Ulcerative colitis is a chronic disease of the large intestine, also known as the colon, in which the lining of the colon becomes inflamed and develops tiny open sores, or ulcers, that produce pus and mucous. The combination of inflammation and ulceration can cause abdominal discomfort and frequent emptying of the colon, in some cases up to 20 times per day.  Ulcerative colitis is the result of an abnormal response by your body’s immune system. Normally, the cells and proteins that make up the immune system protect you from infection. In people with IBD, however, the immune system mistakes food, bacteria, and other materials in the intestine for foreign or invading substances. When this happens, the body sends white blood cells into the lining of the intestines, where they produce chronic inflammation and ulcerations.

It’s important to understand the difference between ulcerative colitis and Crohn’s disease. Crohn’s disease can affect any part of the gastrointestinal (GI) tract, but ulcerative colitis affects only the colon. Additionally, while Crohn’s disease can affect all layers of the bowel wall, ulcerative colitis only affects the lining of the colon.

What is Leaky Gut or Intestinal Permeability ?

Inside our bellies, we have an extensive intestinal lining covering more than 4,000 square feet of surface area. When working properly, it forms a tight barrier that controls what gets absorbed into the bloodstream. An unhealthy gut lining may have large cracks or holes, allowing partially digested food, toxins, and bugs to penetrate the tissues beneath it. This may trigger inflammation and changes in the gut flora (normal bacteria) that could lead to problems within the digestive tract and beyond. The research world is booming today with studies showing that modifications in the intestinal bacteria and inflammation may play a role in the development of common chronic diseases.

What contributes to Leaky Gut or Intestinal Permeability ?
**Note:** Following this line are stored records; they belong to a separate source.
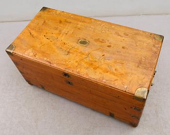 Angloindian. Beslag av mässing. Kulfötter. Längd 88. Bredd 45. Höjd 43 cm. Nyckel finns.
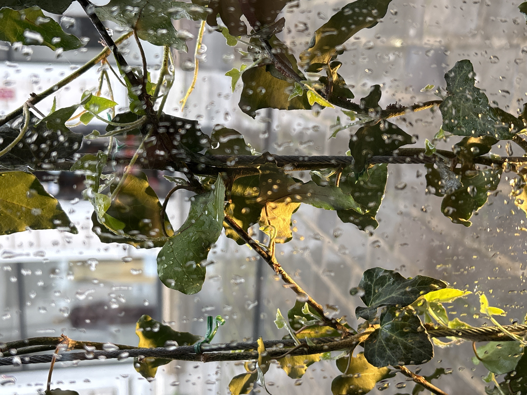 - "A vertical close-up photograph captures an ivy-like plant, characterized by its green, lobed leaves, viewed through a rain-splashed glass surface" by FM-sZqdx1, licensed under CC BY 4.0
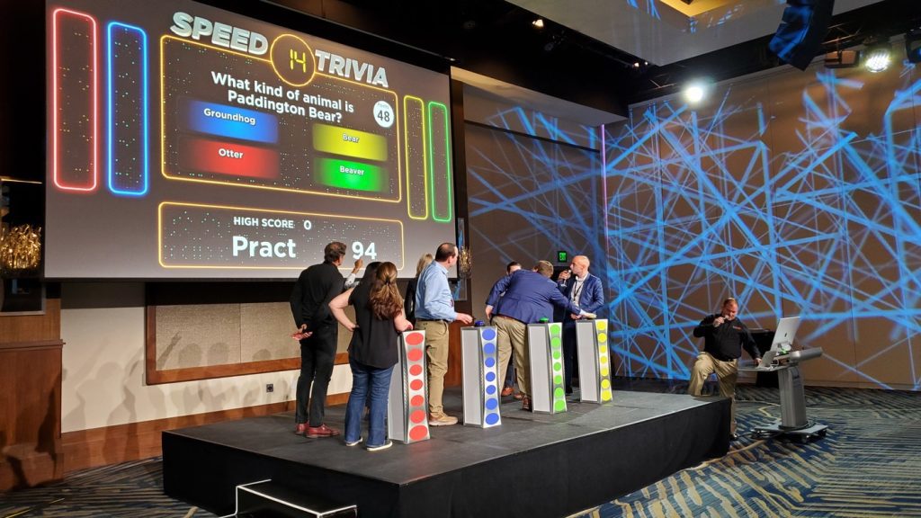 This rousing team-building contest can be played nearly anywhere. The trivia format offers endless possibilities for customization, and our entertaining game show hosts have thousands of fun trivia questions ready to go.
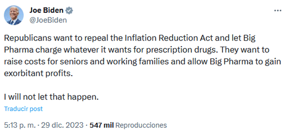 “Los republicanos quieren derogar la Ley de Reducción de la Inflación y dejar que las grandes farmacéuticas cobren lo que quieran por los medicamentos recetados. Quieren aumentar los costos para las personas mayores y las familias trabajadoras y permitir que las grandes farmacéuticas obtengan ganancias exorbitantes. No dejaré que eso suceda”.
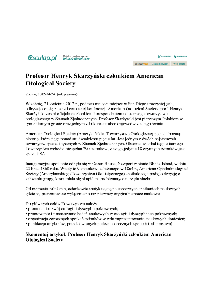 Profesor Henryk Skarżyński członkiem American Otological Society Z kraju; 2012-04-24 [(inf. prasowa)] W sobotę, 21 kwietnia 2012 r., podczas mającej miejsce w San Diego uroczystej gali, odbywającej się z okazji corocznej konferencji American Otological Society, prof. Henryk Skarżyński został oficjalnie członkiem korespondentem najstarszego towarzystwa otologicznego w Stanach Zjednoczonych. Profesor Skarżyński jest pierwszym Polakiem w tym elitarnym gronie oraz jednym z kilkunastu obcokrajowców z całego świata. American Otological Society (Amerykańskie Towarzystwo Otologiczne) posiada bogatą historię, która sięga ponad stu dwudziestu pięciu lat. Jest jednym z dwóch najstarszych towarzystw specjalistycznych w Stanach Zjednoczonych. Obecnie, w skład tego elitarnego Towarzystwa wchodzi niespełna 290 członków, z czego jedynie 18 czynnych członków jest spoza USA. Inauguracyjne spotkanie odbyło się w Ocean House, Newport w stanie Rhode Island, w dniu 22 lipca 1868 roku. Wtedy to 9 członków, założonego w 1864 r., American Ophthalmological Society (Amerykańskiego Towarzystwa Okulistycznego) spotkało się i podjęło decyzję o założeniu grupy, która miała się skupić na problematyce narządu słuchu. Od momentu założenia, członkowie spotykają się na corocznych spotkaniach naukowych gdzie są prezentowane wyłącznie po raz pierwszy oryginalne prace naukowe. Do głównych celów Towarzystwa należy: • promocja i rozwój otologii i dyscyplin pokrewnych; • promowanie i finansowanie badań naukowych w otologii i dyscyplinach pokrewnych; • organizacja corocznych spotkań członków w celu zaprezentowania naukowych doniesień; • publikacja artykułów, przedstawionych podczas corocznych spotkań.(inf. prasowa) Skomentuj artykuł: Profesor Henryk Skarżyński członkiem American Otological Society
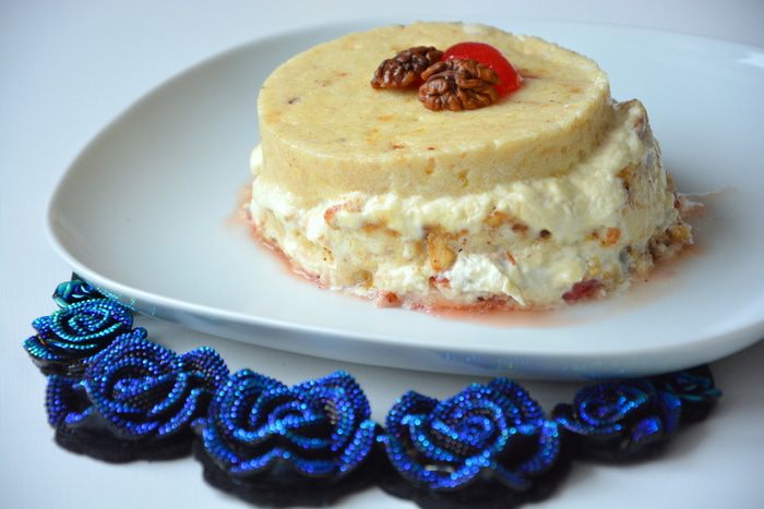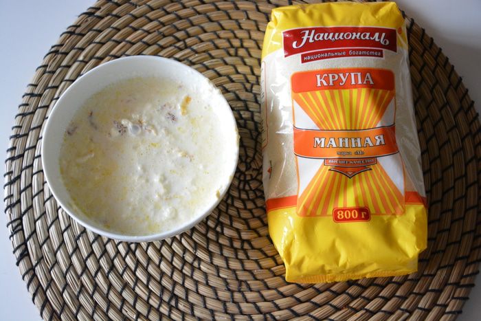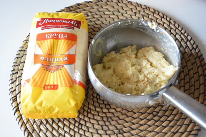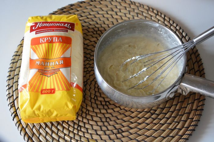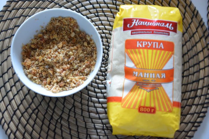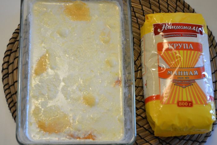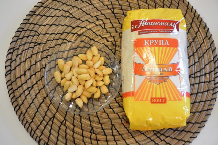В жаропрочную форму выложить манную кашу слоем 0,5 — 1 см, закрыть его пенкой, насыпать орехов, вновь выложить слой каши и снова переслоить пенкой и орехами и т.д.
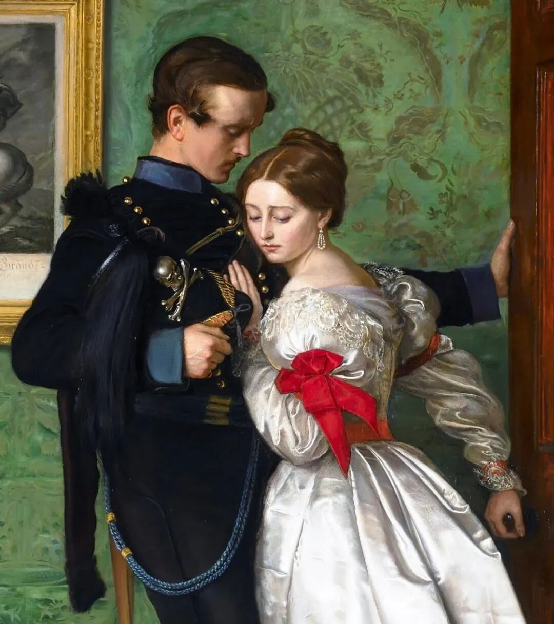 艺术家以高超的写实、华丽的色彩、精妙的细节、 用画笔演绎一出维多利亚时期贵族式的“多情自古伤离别”。
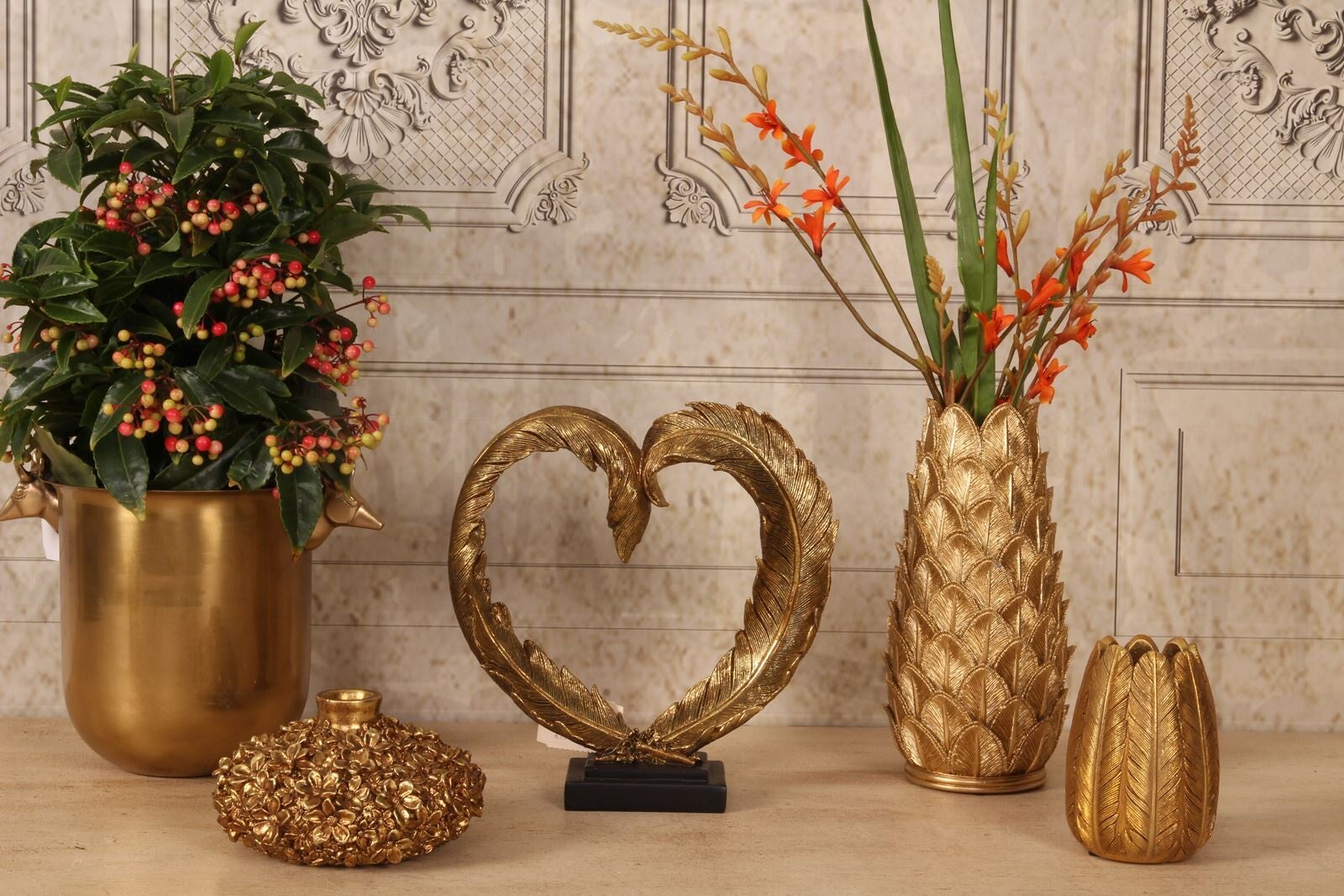 Decoratief beeld van veren in hartvorm, uitgevoerd in goudkleurig resin (22 cm). Symbool voor liefde en elegantie.
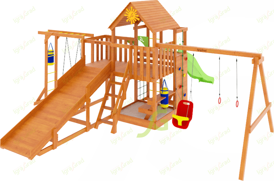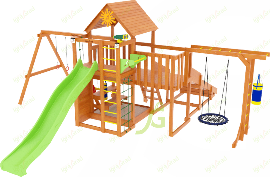 Исследовательский инстинкт и огромное желание залезть выше головы присуще абсолютно всем детям! И не надо их за это ругать! Причём в наше время нужно ещё и хвалить малыша за то, что он исследует всё вокруг, а ни сидит за планшетом. Детская площадка IgraGrad Крафт Pro 4 – это то место, где можно безопасно проводить время: лазать вверх-вниз, качаться, играть с песком, кататься с горки.
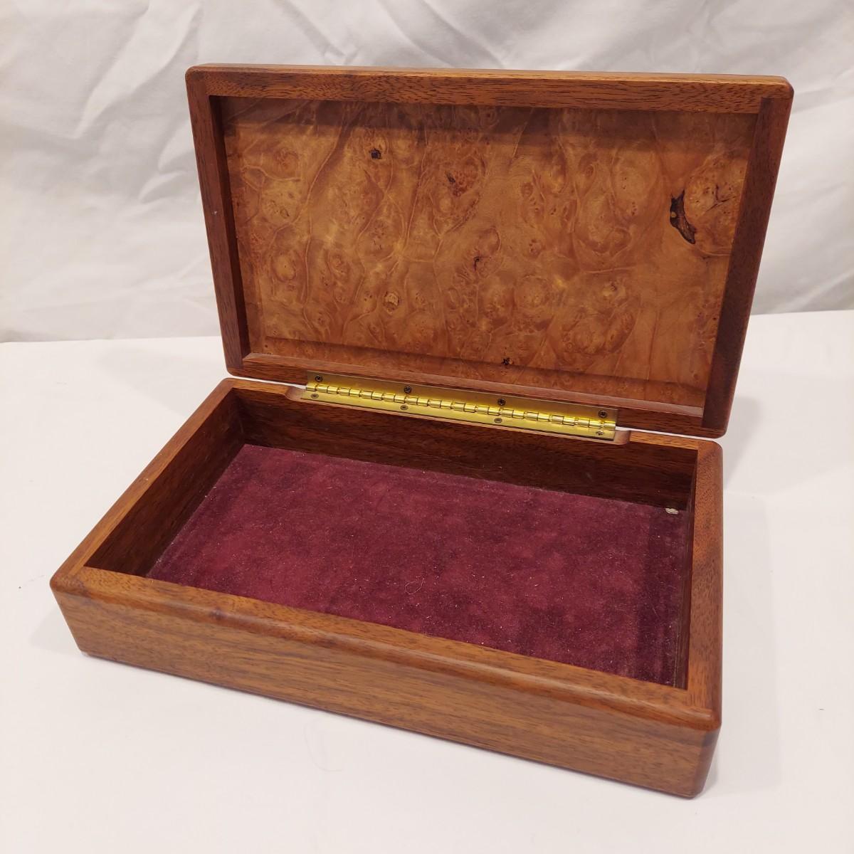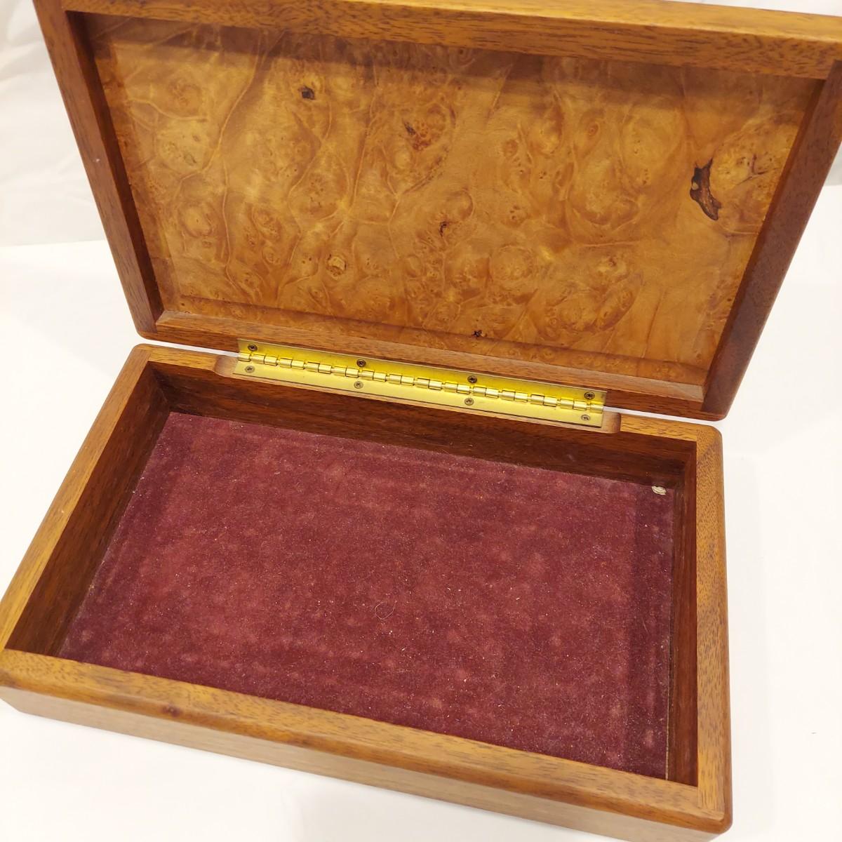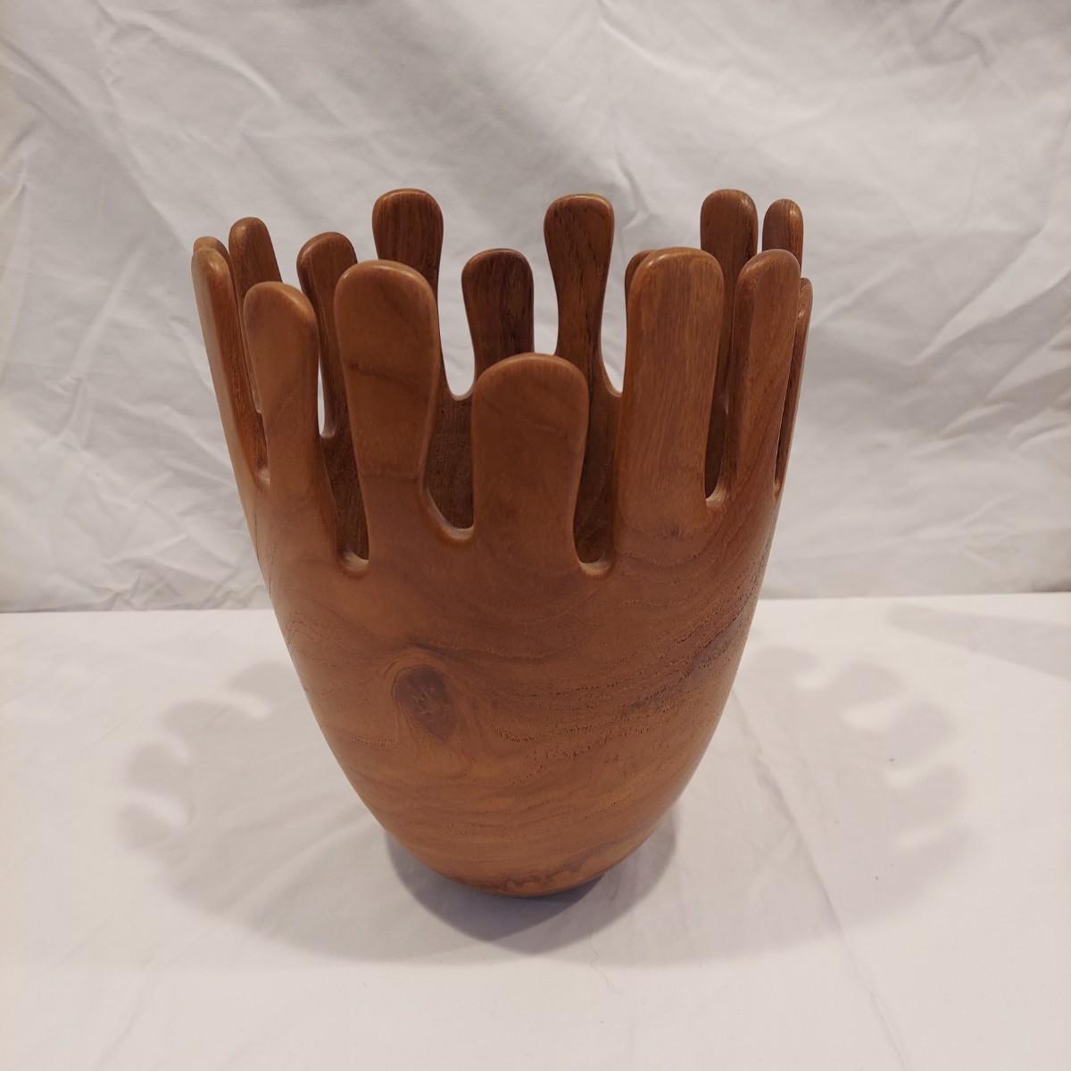 Three pieces of wooden decor that appear to be Handcrafted. The bowl and box have markings on bottom. The box measures 10.5" x 6.5" x 3"H. The wooden wall vase is 16"H. The bowl has a crack or imperfection in the wood on bottom. Please see photos for details. Flower is not included in lot. Shipping available

The list of contributing factors are many from poor dietary choices,  inflammatory foods, dairy, refined sugars and processed foods, antibiotics, and unfiltered tap water, Most NSAIDS (Aspirin, Ibuprofen), chemotherapy, chronic stress to lack of proper sleep and more…

Dr. Levy will recommend lifestyle modifications and will help discover and address the triggers of your intestinal permeability.

Which Lab Tests will be recommended ?

After the initial assessment which includes a detailed history and a full head to toe physical exam. Dr. Levy will recommend specific conventional and functional lab(s) in order to determine the root cause of your digestive dysfunction.

Common conventional tests might include inflammatory markers such as CRP and Fecal Calprotectin in order to evaluate severity of the IBD. H.Pylori test might be ordered as well in order to rule out H.Pylori infection of the stomach.

Certain individuals might benefit from a specific breath test in order to determine if this is a case of SIBO, others might benefit more from an intestinal permeability test (Lactulose Mannitol Test), while some might require a more comprehensive stool analysis with mycology in order to evaluate the status of their gut microbiome.